BEGIN Exercise materials

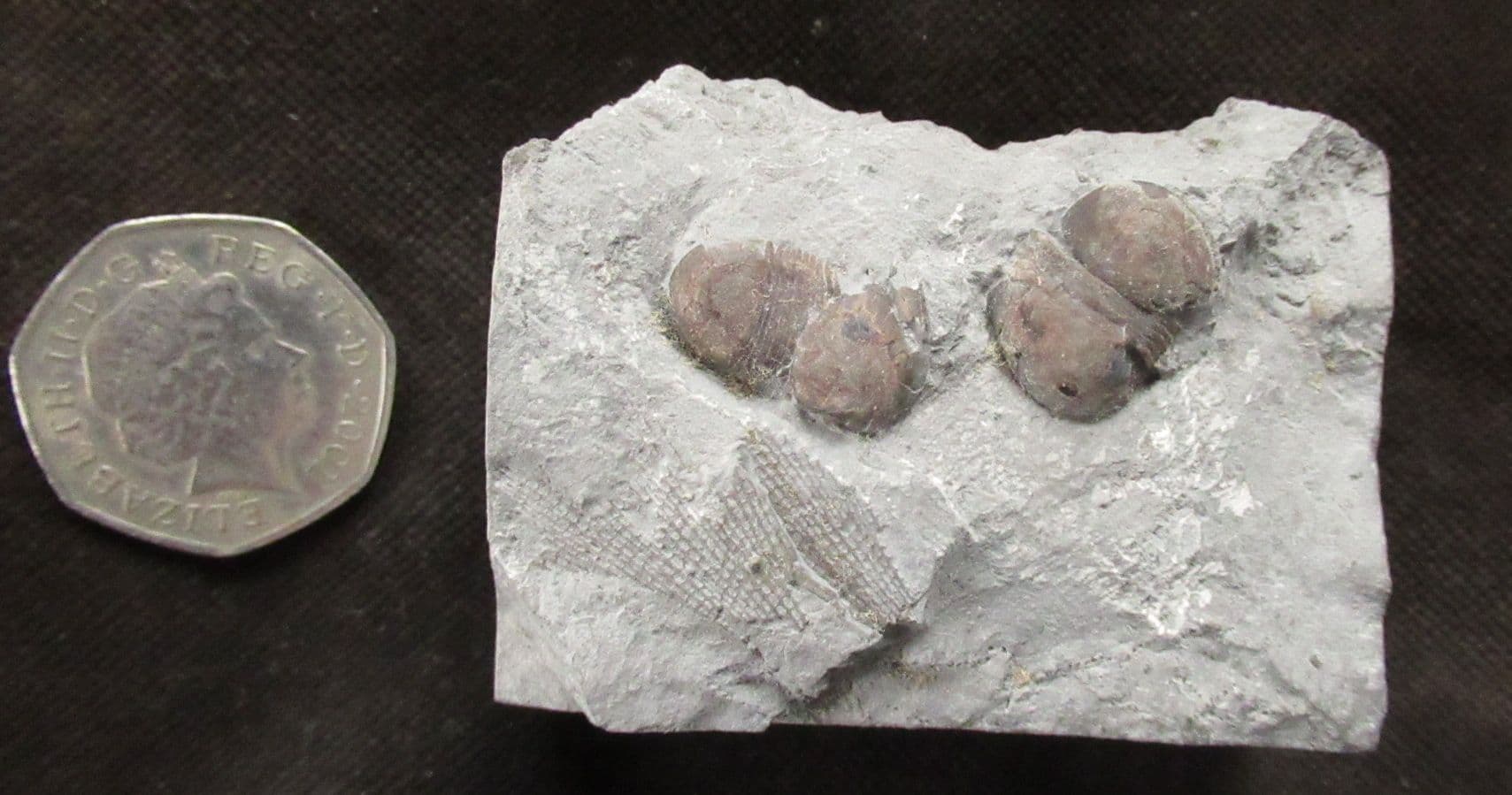 Two well preserved complete Illaenid Trilobites lying next to each other. Both have the librigenes still attached. Both have 100 % original exoskeleton preserved. Double examples of this species from this locality are rarely offered.
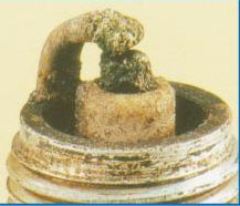 Electrode melted,the end of center electrode and earth electrode appear melt.
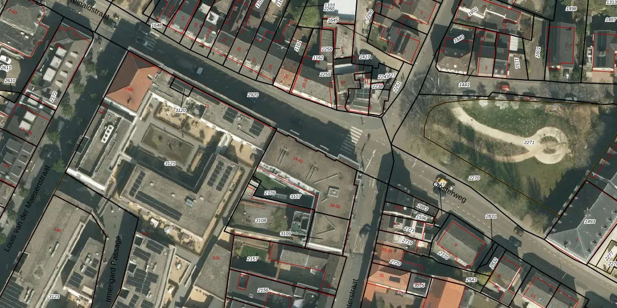 Reinaldstraat 28 is gelegen op kadastraal perceel VKB01A3107. Deze kadastrale aanduiding is uniek en wordt gebruikt door het Kadaster om eigendomsrechten en andere zakelijke rechten vast te leggen. Het perceel maakt onderdeel uit van de kadastrale gemeente Valkenburg Limburg.
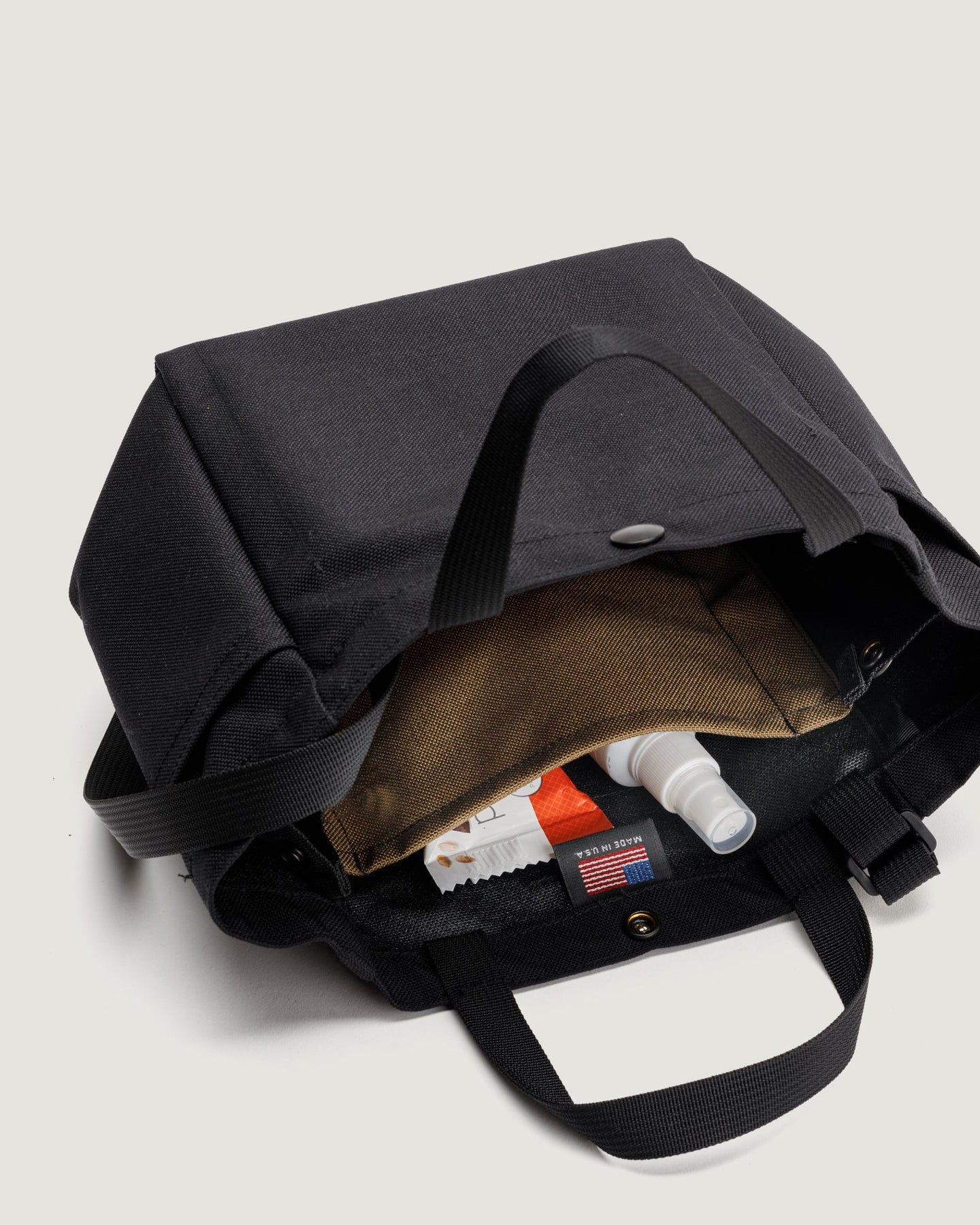 - Open top with snap closure
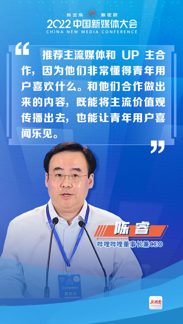 “推荐主流媒体和UP主合作,因为他们非常懂得青年用户喜欢什么,和他们合作做出来的内容,既能够把主流的价值观传播出去,也能够让我们的青年用户喜闻乐见。”在2022中国新媒体大会主论坛上,哔哩哔哩董事长兼CEO陈睿邀约主流媒体“牵手”UP主。
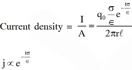 [JEE Advanced 2016] Ans. (A) This is the problem of RC circuit where the product RC is a constant. So due to leakage current, charge & current density will exponentially decay & will become zero at infinite time. So correct answer is (A) for any small element Resistance $\mathrm{R}=\frac{\mathrm{dr}}{\sigma(2 \pi r \ell)}$ Capacitance $\mathrm{C}=\frac{\in 2 \pi \mathrm{r} \ell}{\mathrm{dr}}$ Product $\mathrm{R} \times \mathrm{C}=\frac{\epsilon}{\sigma}=\mathrm{constant}$ $\mathrm{q}=\mathrm{q}_{0} \mathrm{e}^{-\left(\frac{\mathrm{t} \sigma}{\epsilon}\right)}$ $\mathrm{I}=\frac{\mathrm{d} q}{\mathrm{dt}}=\frac{\mathrm{q}_{0} \sigma}{\epsilon} \mathrm{e}^{-\left(\frac{\mathrm{t} \sigma}{\epsilon}\right)}$
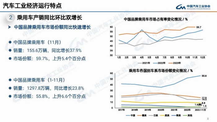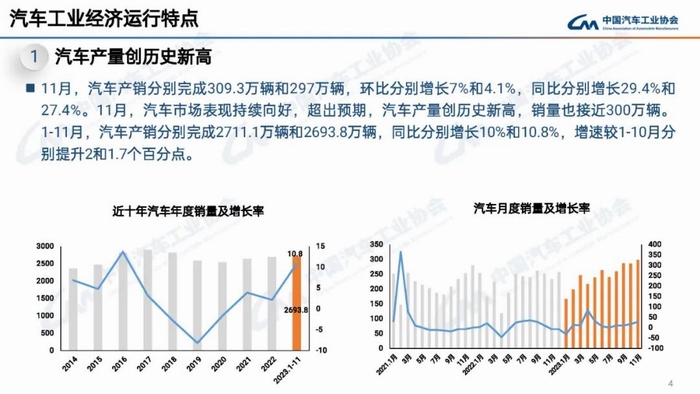 據(jù)中國(guó)汽車工業(yè)協(xié)會(huì)統(tǒng)計(jì)分析,2023年11月,汽車市場(chǎng)熱度延續(xù),借助“雙11”大促等消費(fèi)浪潮,購(gòu)車需求進(jìn)一步釋放,市場(chǎng)表現(xiàn)持續(xù)向好、超出預(yù)期。
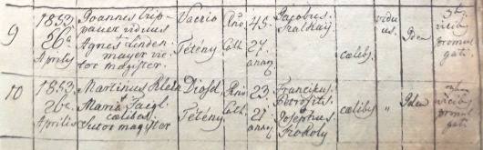 1852. november 10.: Kléh István és Szpivák Jozefa
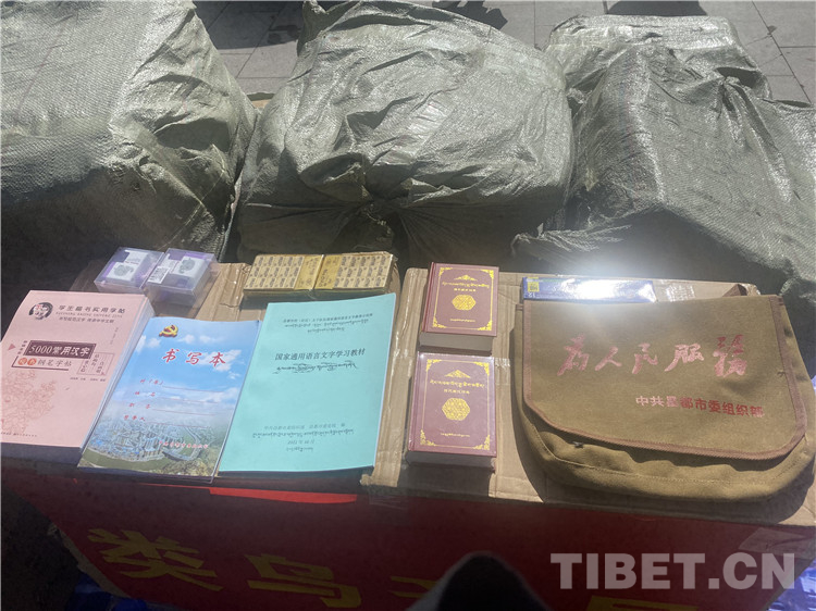 近日,昌都市舉行村(社區(qū))干部國(guó)家通用語(yǔ)言文字“學(xué)習(xí)包”發(fā)放儀式。市委組織部、市委黨校、市教育局、市強(qiáng)基辦相關(guān)負(fù)責(zé)同志為11縣(區(qū))村(社區(qū))干部代表發(fā)放國(guó)家通用語(yǔ)言文字“學(xué)習(xí)包”?,F(xiàn)場(chǎng)一片熱鬧,發(fā)放人員樂(lè)此不疲地整理、搬運(yùn)這些“學(xué)習(xí)包”。
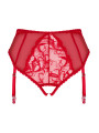 The Obsessive Dagmarie garter panty is a sultry piece of women's lingerie designed for confidence and comfort. This red panty features elegant lace with a provocative open crotch design. This red lingerie essential includes detachable straps to customize your look. Perfect for a romantic evening, this red panty emphasizes feminine shapes beautifully.
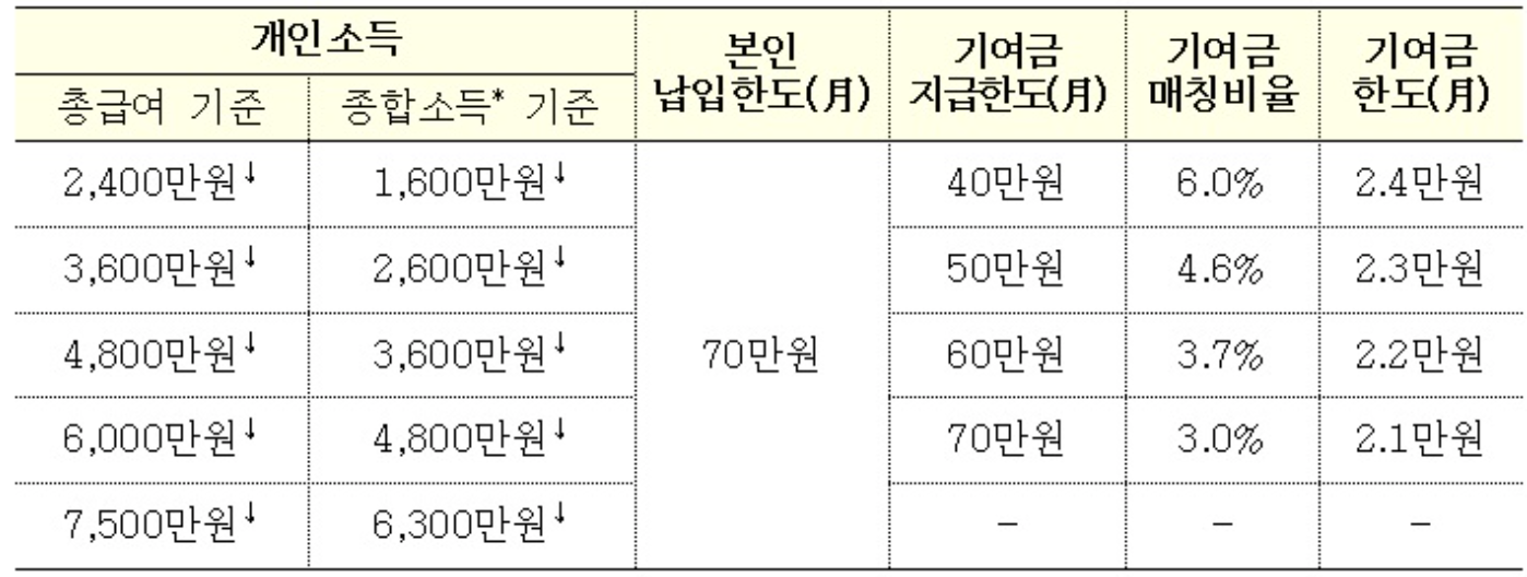 납입금에 따라 정부기여금 매칭 지원과 이자소득세 비과세 혜택을 제공한다.

END Exercise materials

Exercise description:
From the records above, return exactly the lines running from the one that contains "1852. november 10.: Kléh" down to the one that contains "近日,昌都市舉行村(社區(q", both included, without any pictures.

Answer space:
 1852. november 10.: Kléh István és Szpivák Jozefa
 近日,昌都市舉行村(社區(qū))干部國(guó)家通用語(yǔ)言文字“學(xué)習(xí)包”發(fā)放儀式。市委組織部、市委黨校、市教育局、市強(qiáng)基辦相關(guān)負(fù)責(zé)同志為11縣(區(qū))村(社區(qū))干部代表發(fā)放國(guó)家通用語(yǔ)言文字“學(xué)習(xí)包”?,F(xiàn)場(chǎng)一片熱鬧,發(fā)放人員樂(lè)此不疲地整理、搬運(yùn)這些“學(xué)習(xí)包”。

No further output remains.